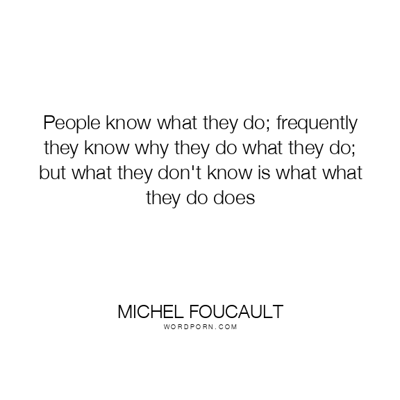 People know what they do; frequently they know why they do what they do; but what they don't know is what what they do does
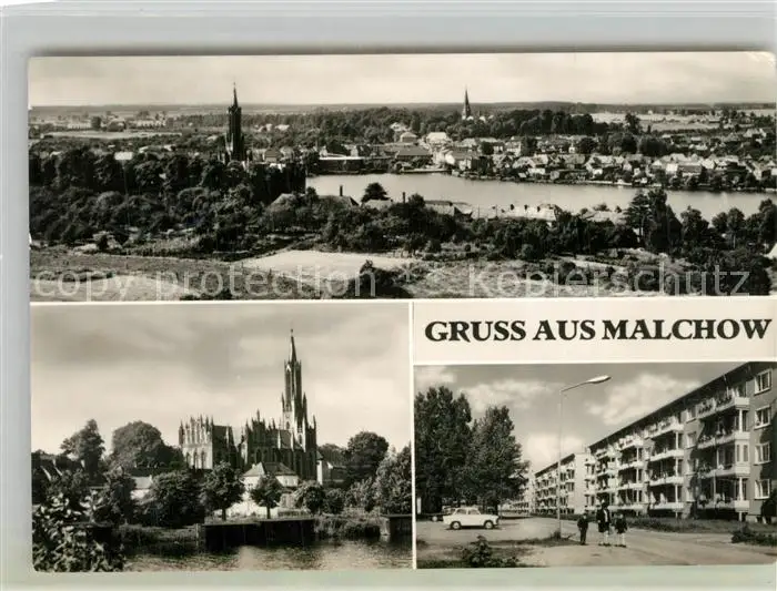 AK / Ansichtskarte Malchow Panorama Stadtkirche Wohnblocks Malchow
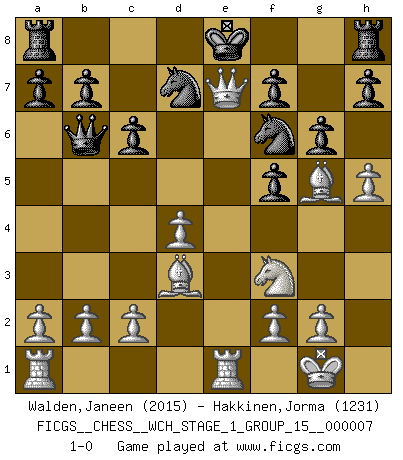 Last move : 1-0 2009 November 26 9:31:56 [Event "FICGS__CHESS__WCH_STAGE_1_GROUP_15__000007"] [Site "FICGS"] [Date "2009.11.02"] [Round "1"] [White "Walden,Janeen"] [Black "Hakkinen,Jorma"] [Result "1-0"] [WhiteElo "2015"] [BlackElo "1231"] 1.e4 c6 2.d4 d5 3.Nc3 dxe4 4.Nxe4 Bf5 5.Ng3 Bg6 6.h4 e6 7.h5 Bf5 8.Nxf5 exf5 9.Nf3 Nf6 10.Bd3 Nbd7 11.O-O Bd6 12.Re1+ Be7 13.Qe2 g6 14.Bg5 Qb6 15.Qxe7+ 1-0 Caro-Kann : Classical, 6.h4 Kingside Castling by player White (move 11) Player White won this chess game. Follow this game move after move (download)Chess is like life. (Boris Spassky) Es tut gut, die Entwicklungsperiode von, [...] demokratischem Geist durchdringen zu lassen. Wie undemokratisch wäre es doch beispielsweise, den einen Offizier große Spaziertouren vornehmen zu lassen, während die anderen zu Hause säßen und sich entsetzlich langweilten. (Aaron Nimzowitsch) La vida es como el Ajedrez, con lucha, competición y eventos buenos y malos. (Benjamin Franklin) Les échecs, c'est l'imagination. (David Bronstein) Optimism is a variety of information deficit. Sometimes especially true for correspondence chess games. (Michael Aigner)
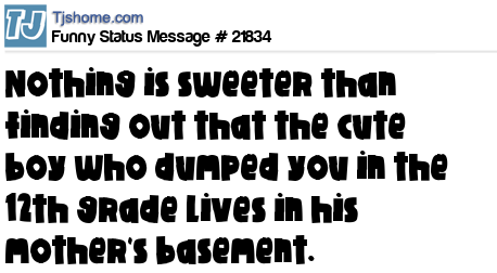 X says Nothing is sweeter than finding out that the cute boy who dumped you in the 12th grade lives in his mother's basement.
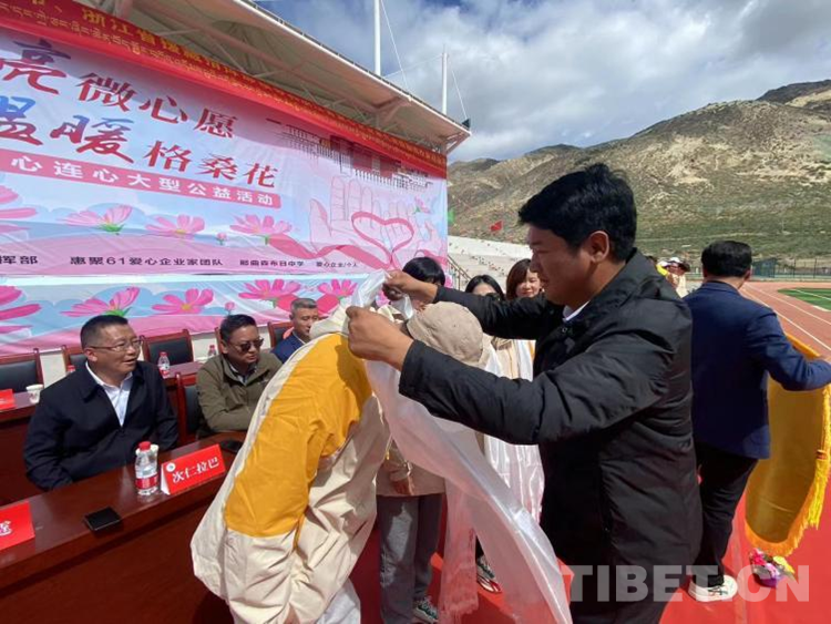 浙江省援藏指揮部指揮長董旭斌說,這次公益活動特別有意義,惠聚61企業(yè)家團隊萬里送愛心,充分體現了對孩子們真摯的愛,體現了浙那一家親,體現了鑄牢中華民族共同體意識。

------------------------------------------------

Exercise: In the copy, no pictures are to appear; write out exactly the lines from the one containing "X says Nothing" through the end of the listing above and no further lines.

Task response:
 X says Nothing is sweeter than finding out that the cute boy who dumped you in the 12th grade lives in his mother's basement.
 浙江省援藏指揮部指揮長董旭斌說,這次公益活動特別有意義,惠聚61企業(yè)家團隊萬里送愛心,充分體現了對孩子們真摯的愛,體現了浙那一家親,體現了鑄牢中華民族共同體意識。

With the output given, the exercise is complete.